In November 1918, demonstrations had forced the King to abdicate, and a Socialist Council declared Bavaria a Republic. If the Council had had its way, there is little doubt that Weber, as a typical member of the bourgeoisie, would never have become Brentano‘s successor at LMU. But the University won the argument. In January 1919, following a general election which his own party decisively lost, the leader of the Council and de facto Prime Minister of the new Republic, Kurt Eisner, was assassinated by Count Anton Arco-Valley.

Notably, Weber never condemned the murder, perhaps because he regarded Eisner as a politician who was led by his personal convictions alone, lacked charisma, and had no sense of proportion or responsibility. In his classification of political leaders, Weber attributed the latter set of qualities to the ‘charismatic’ type.

At all events, in a lecture given in LMU’s Audimax during the Winter Semester 1919/20 (his second term in his new position), Weber argued that it would have been politically more prudent to have tried (and convicted) Eisner’s assassin. This would have turned not Eisner, but his murderer into a political martyr – instead of ‘the coffee-house celebrity’ that Graf Arco-Valley subsequently became, according to a contemporary.
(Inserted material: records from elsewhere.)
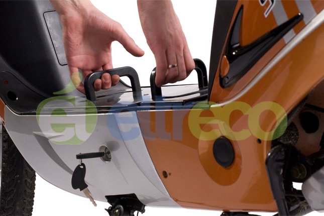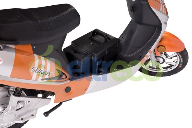 Аккумулятор легко снимается, например, для зарядки в домашних условиях или для замены на запасной. Для удобства извлечения, АКБ оснащён двумя ручками. Вы также можете заряжать АКБ не снимая с электроскутера. Для этого нужно один конец зарядного устройства подключить к гнезду подседельного ящика, а другой — в розетку 220 вольт. Время зарядки аккумулятора составляет 4–5 часов.
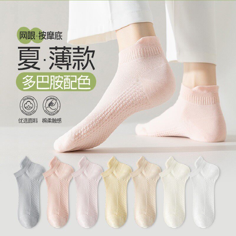 松山棉店足底按摩袜子纯棉抗菌防臭男女短袜中筒袜长筒夏薄款棉袜
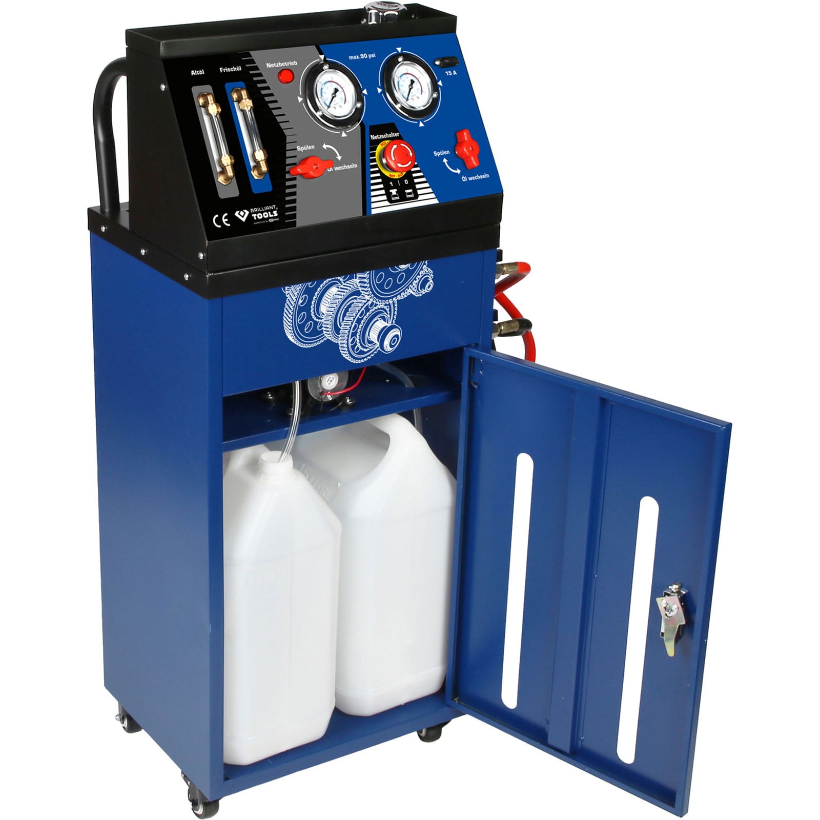 Das BRILLIANT TOOLS Getriebespülgerät BT626050 reinigt und tauscht die Flüssigkeit im Getriebe, Drehmomentwandler und Kühler in nur ca. 20 Minuten aus. Beim Austausch der Flüssigkeit werden der Flüssigkeitsdruck vom A/F-Kühler und der Flüssigkeitsauslassdruck des Gerätes angezeigt. Die verschiedenen Öle bleiben im Inneren des Gerätes vollständig getrennt und können sich nicht vermischen. Es können beide Arbeiten gleichzeitig durchgeführt werden - eine Zeitersparnis von 50%! Der mitgelieferte Adapter-Satz enthält diverse Adapter für zum Beispiel: Audi, Seat, Skoda, VW, BMW, Peugeot, Land Rover, Ford, Toyota, Mercedes
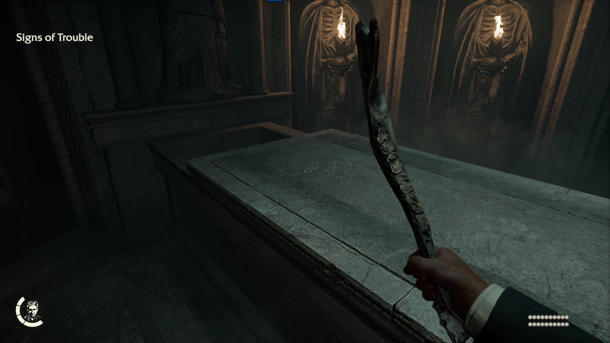このパズルは、地下世界の隅にある場所で、地下室に入った直後に見つけることができ、神聖な傷のパズルを完成させました。これはオプションのパズルであるため、マップの隅で見逃すのは簡単です。部屋に入ると、単一の石coを囲むいくつかのスケルトン像があり、特定の彫像の火山を照らすためにそれを開く必要があります。
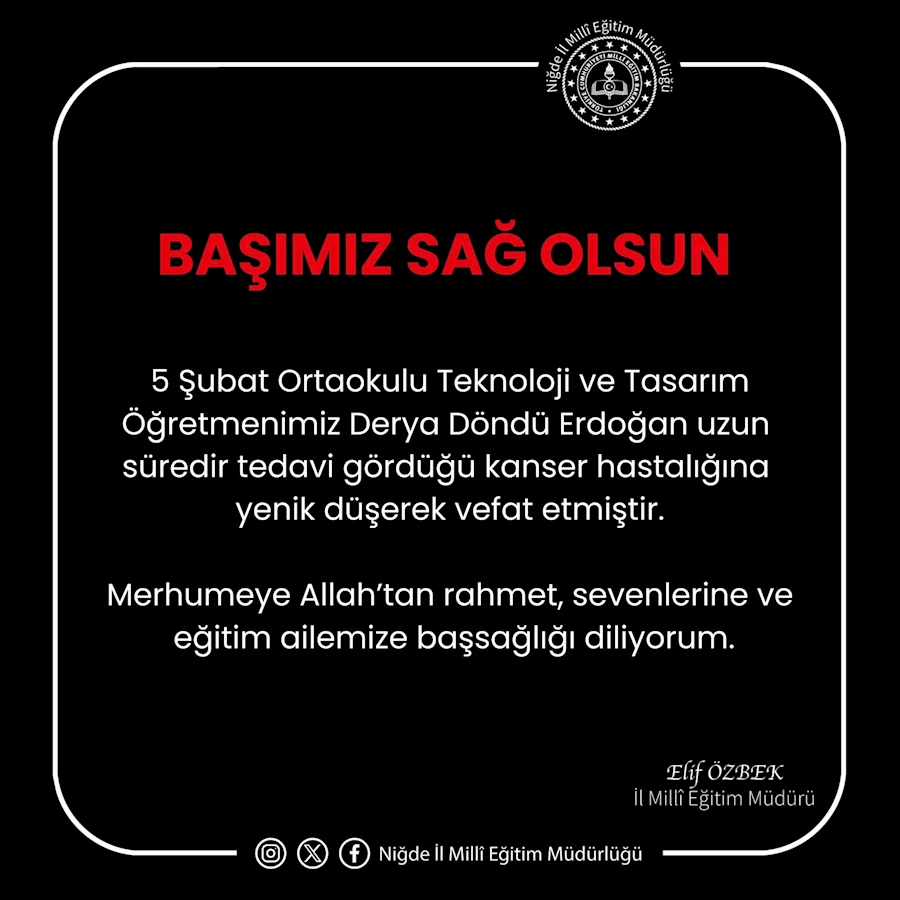 Niğde 5 Şubat Ortaokulu Teknoloji ve Tasarım Öğretmeni Derya Döndü Erdoğan uzun süredir tedavi gördüğü kanser hastalığına yenik düşerek hayatını kaybetti. Derya öğretmenin vefatı eğitim camiasında büyük üzüntü yarattı.
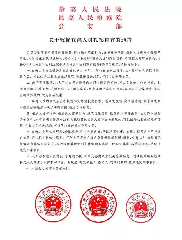 2019年7月24日公安部新闻发布会公布了最高人民法院、最高人民检察院、公安部联合印发的《关于敦促在逃人员投案自首的通告》最高法、最高检、公安部一起敦促网逃投!案!自!首!
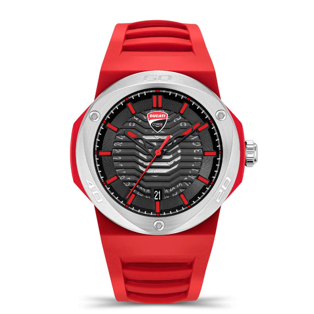 The most powerful watch in Ducati's history with a design reflecting your true racing spirit. It features a black sunray dial with a date window and a stylish silicone strap. With 100 m water resistance, this watch has all the features of a race-ready timepiece.
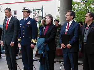 "We honor all of our Southeast Alaska veterans today," said Knowles at the memorial dedication ceremony. "More than ever, America appreciates its military and its mission to protect us from terrorism. Their task is daunting, but it can and will be accomplished, just as veterans who served in the past completed their missions." Knowles thanked those who organized and supported the memorial's construction, including the Southeast Alaska Native Veterans organization and Sealaska Corporation. The new memorial to Southeast Alaska Native veterans, located in Juneau's Sealaska Plaza, features a large, inscribed piece of white marble quarried from lands owned by Sealaska Corporation, along with a set of smaller memorial stones inscribed with the Tlingit, Haida, and Tsimshian words for "warrior" and "courage." Knowles noted that Alaska Natives and American Indians have served the U.S. in every major war in the nation's history. They have the highest per capita service record of any ethnic group in the country, and many today proudly serve in the active forces and in the Alaska National Guard and reserves. At a separate ceremony, Knowles awarded the Alaska Territorial Guard medal to longtime Juneau resident Ralph L. Kibby, Sr. At the age of 16, Kibby signed up to serve in the Alaska Territorial Guard in 1943, in the midst of World War II. After being honorably discharged in 1944, he served with the regular U.S. Army for two more years, receiving the World War II Victory Medal for his service. The Alaska Territorial Guard medal is awarded to those who served in the Guard "in recognition of their contributions and achievements as members of the Alaska Territorial Guard from 1942-1947."
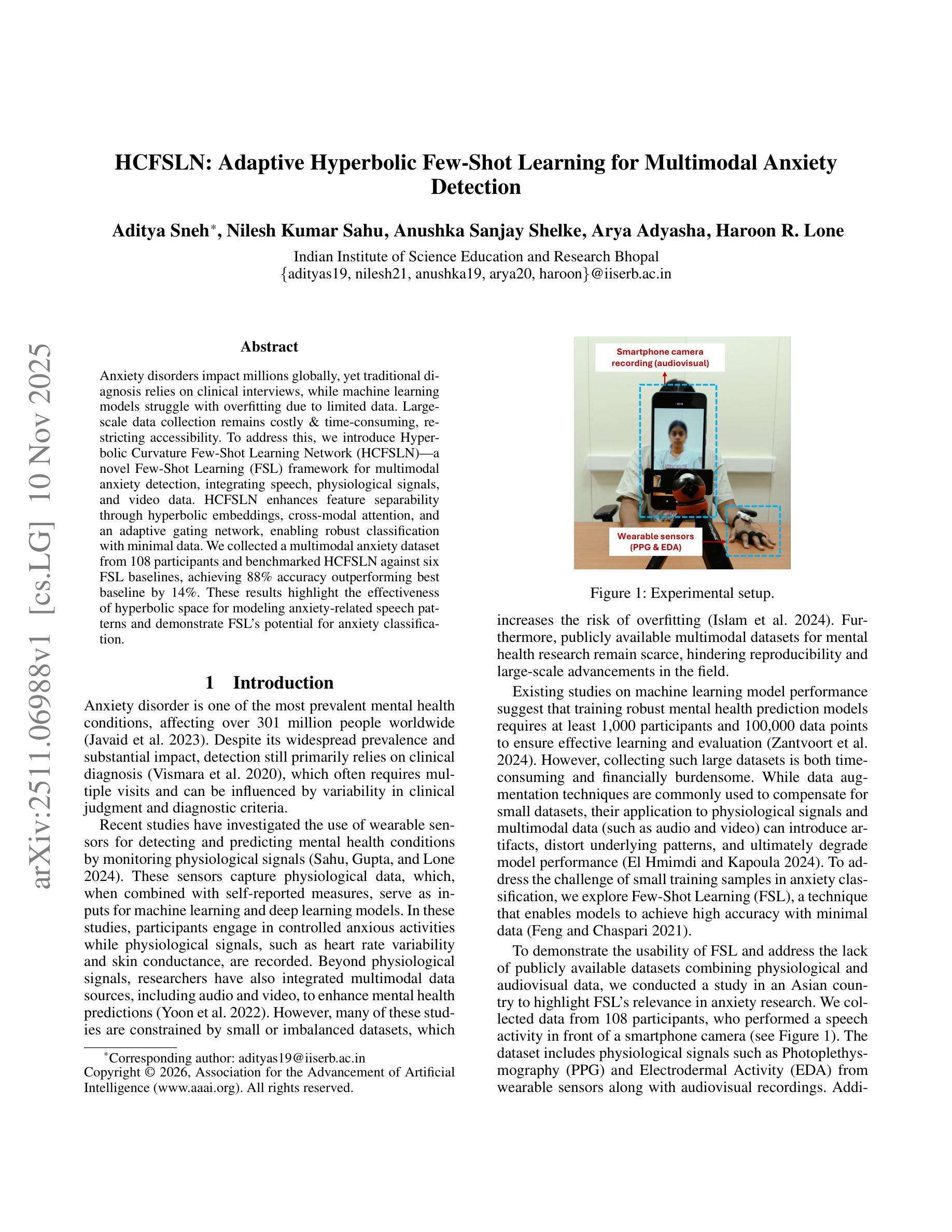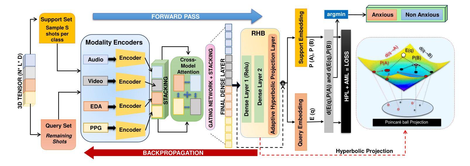 焦虑障碍影响了全球数百万人,然而传统诊断依赖于临床访谈,而机器学习模型由于数据有限而面临过拟合的问题。大规模数据采集仍然成本高昂、耗时长,限制了可访问性。针对这一问题,我们引入了双曲曲面少量样本学习网络(Hyperbolic Curvature Few-Shot Learning Network,简称HCFSLN),这是一种用于多模式焦虑检测的新型少量样本学习(FSL)框架,融合了语音、生理信号和视频数据。HCFSLN通过双曲嵌入、跨模式注意力和自适应门控网络增强特征可分性,用最少的数据实现稳健的分类。我们从108名参与者中收集了多模式焦虑数据集,并将HCFSLN与六种FSL基准进行了评估,准确率达到88%,比最佳基准高出14%。这些结果突显了双曲空间在模拟焦虑相关语音模式方面的有效性,并展示了FSL在焦虑分类方面的潜力。
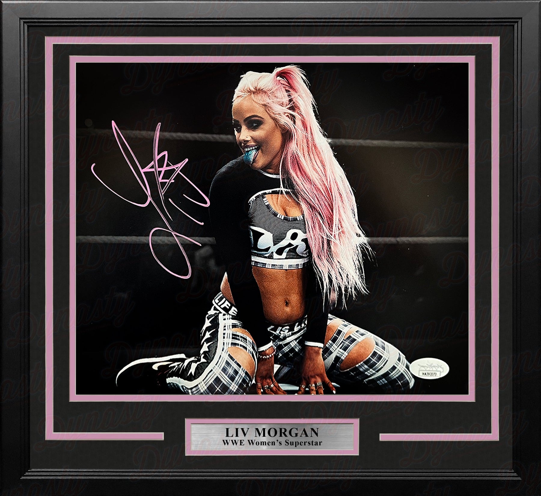 Signed picture of WWE wrestling star Liv Morgan; includes certificate of authenticity from James Spence Authentication (JSA)
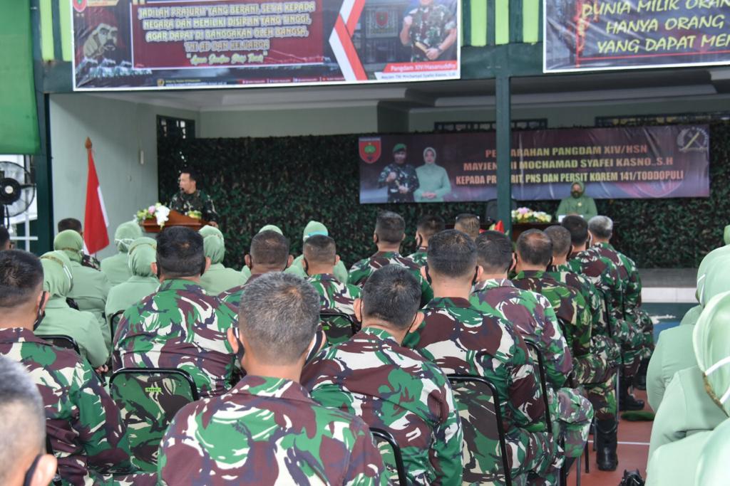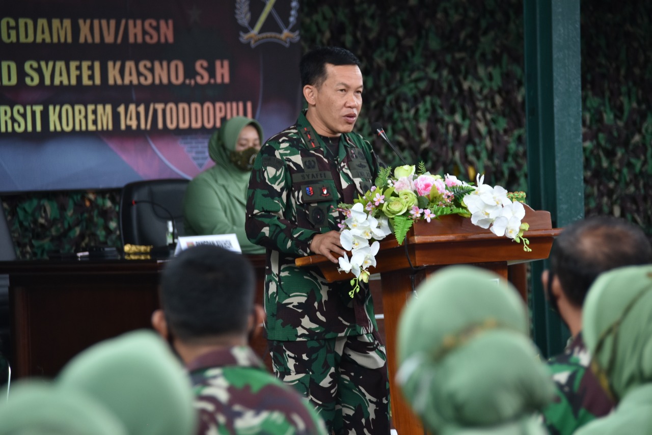 Watampone – Berandankrinews.com Mayjen TNI Mochamad Syafei Kasno S.H. (Pangdam XIV/Hsn) bersama Ny. Yuani Noor Indah Sri Aryani (Ketua Persit KCK PD Dam XIV/Hsn) beserta rombongan Kunjungan Kerja sekaligus berikan Pengarahan Kepada Personel Militer, PNS dan Persit KCK Koorcab Rem 141/Tp. Dan disambut langsung oleh Danrem 141/Tp. Brigjen TNI Djashar Djamil, S.E M.M Bertempat di Makorem 141/Tp. Jln. Jl Sudirman No.9 Watampone. 06/05/2021
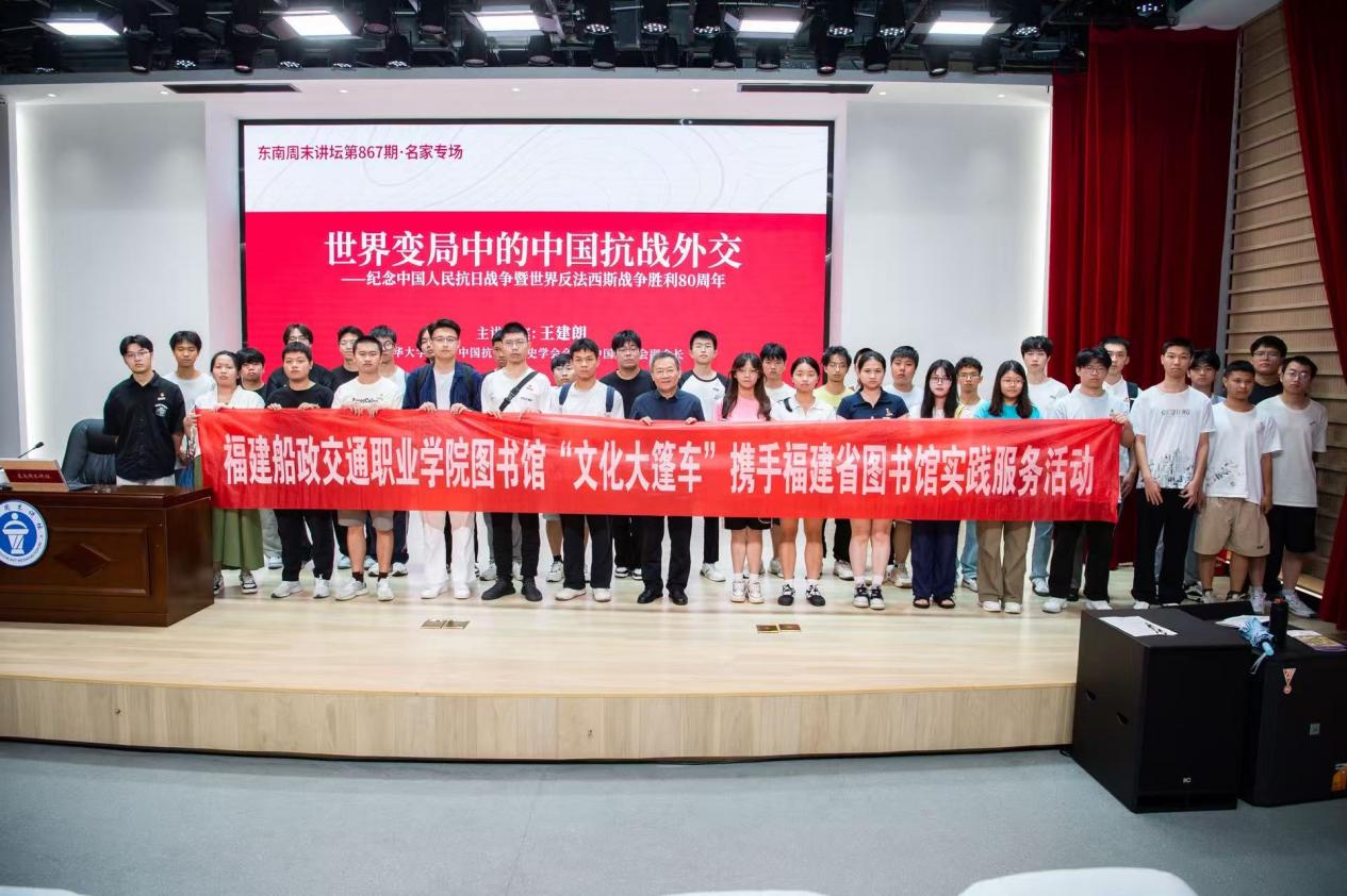 9月6日上午,我館“文化大篷車”團(tuán)隊走進(jìn)福建省圖書館,為“東南周末講壇”提供志愿服務(wù),志愿者協(xié)助完成講座接待、引賓導(dǎo)覽、資料發(fā)放等服務(wù),保障活動有序開展,并聆聽了清華大學(xué)教授、中國抗日戰(zhàn)爭史學(xué)會會長王建朗主講的《世界變局中的中國抗戰(zhàn)外交》講座。王教授以世界變局中的中國外交智慧為主線,剖析抗戰(zhàn)時期中國如何突破外交困局、爭取國際支持的歷史經(jīng)驗(yàn),強(qiáng)調(diào)抗戰(zhàn)精神對當(dāng)代青年的啟示——銘記民族苦難輝煌,筑牢愛國信念根基。講座深化了學(xué)生對歷史縱深的理解,激發(fā)傳承紅色基因的行動自覺。
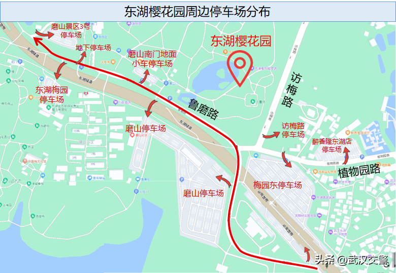 自駕:車輛可停靠在磨山景區(qū)停車場(chǎng),共有3500個(gè)車位;也可以駕車前往「白馬洲頭」驛站停車場(chǎng),然后乘坐觀光車直達(dá)東湖櫻花園。
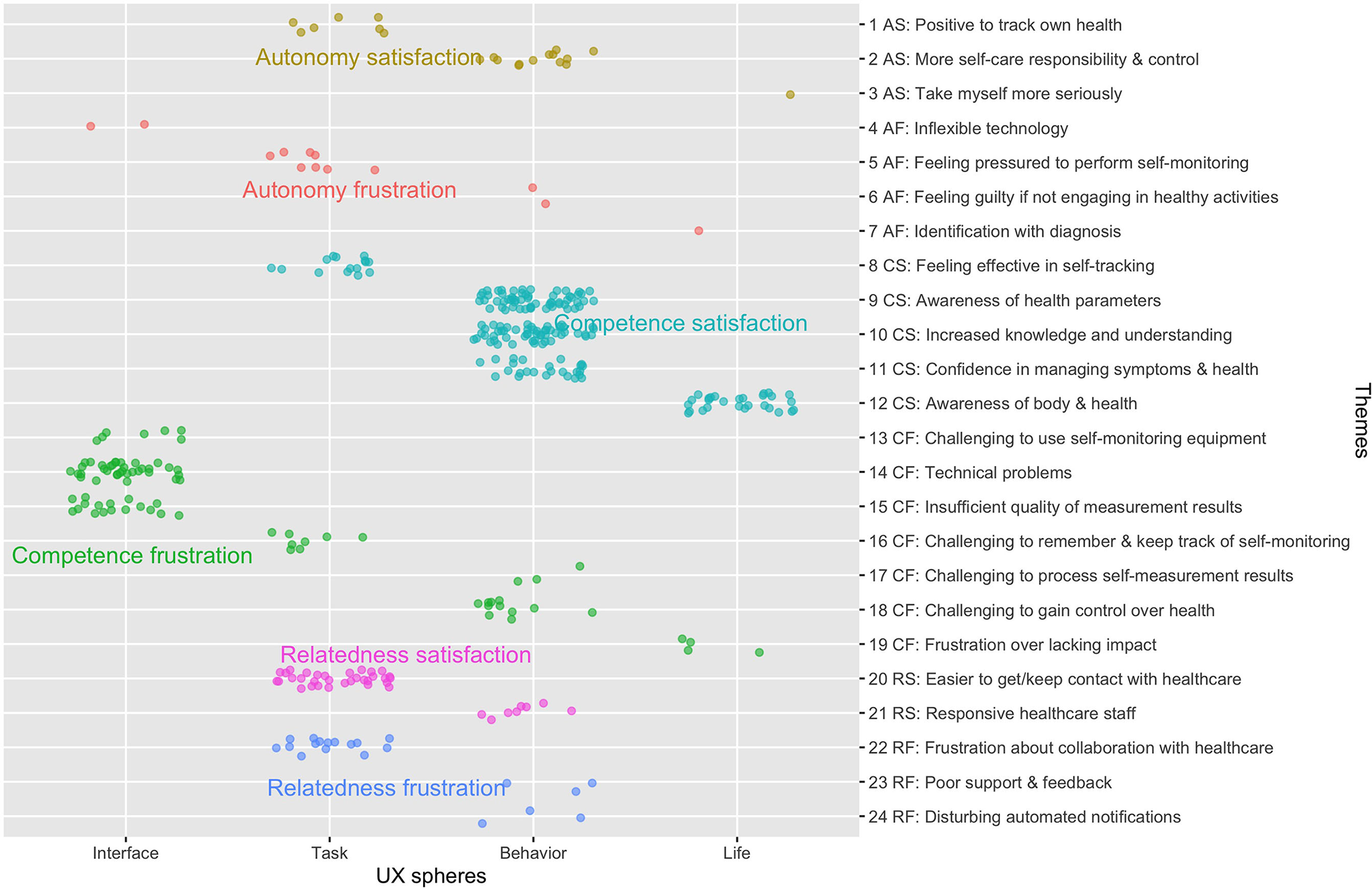 The different themes of need satisfaction and frustration within different spheres of user experience (UX). The dots represent the number of individual codes that contributed to each of the identified themes and user experience spheres. The colored dot fill reflects our classification into autonomy satisfaction (AS), autonomy frustration (AF), competence satisfaction (CS), competence frustration (CF), relatedness satisfaction (RS), and relatedness frustration (RF).
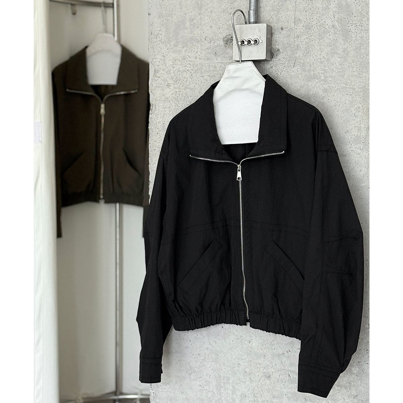 ハイスタンドカラーがポイントのショート丈ジャケット。ブルゾン風のカジュアルなデザインで、さっと羽織るだけでこなれた雰囲気に仕上がります。軽い着心地なので季節の変わり目にも使いやすく、デイリーに活躍。ブラックとカーキのベーシックな2色展開で、さまざまなスタイリングに自然に馴染むアイテムです。
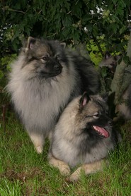 The Wolfspitz is the largest of the German Spitz family (standard no 97 FCI, 5/03/1998) and belongs to Group 5. Spitz type and primitive types. It descends from the peat dog of the Stone Age “canis familiaris palustris”, and later from the dog of the lake cities that is the earliest of the Central European breeds. In many non-German speaking countries it bears the name of Keeshond. The Wolfspitz is always on the alert, vivacious and very attached to his owner. He is very receptive but - contrary to what is stated in the standard - I wouldn’t say that it was the easiest of dogs to train. He needs an owner who understands his “language” as he is very sensitive to body language and tone of voice. |
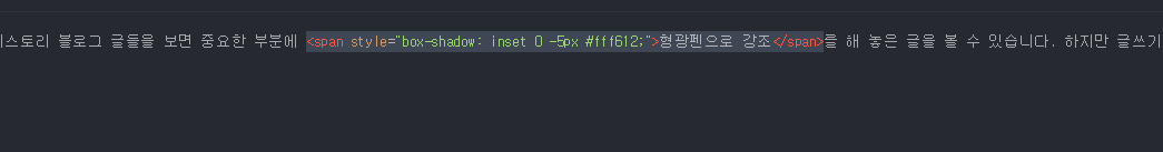HTML 모드에서 형광펜 코드를 자신이 강조하고 싶은 부분에 넣어주기만 하면 끝입니다.

Weber continued to teach and write in Munich for several months after this lecture. But he too would fall victim to the influenza virus, which killed far more people around the world than did the horrendous war that preceded it. He died of viral pneumonia on June 14, 1920 in his rented apartment in Schwabing, during a summer thunderstorm. The house is still standing, but there is no monument in Munich that honors the work of one of the founding fathers of sociology. – There is a Max-Weber-Platz in the center of the city, which however already bore that name during his lifetime (having originally been named after a local politician). It was later rededicated to commemorate the great sociologist.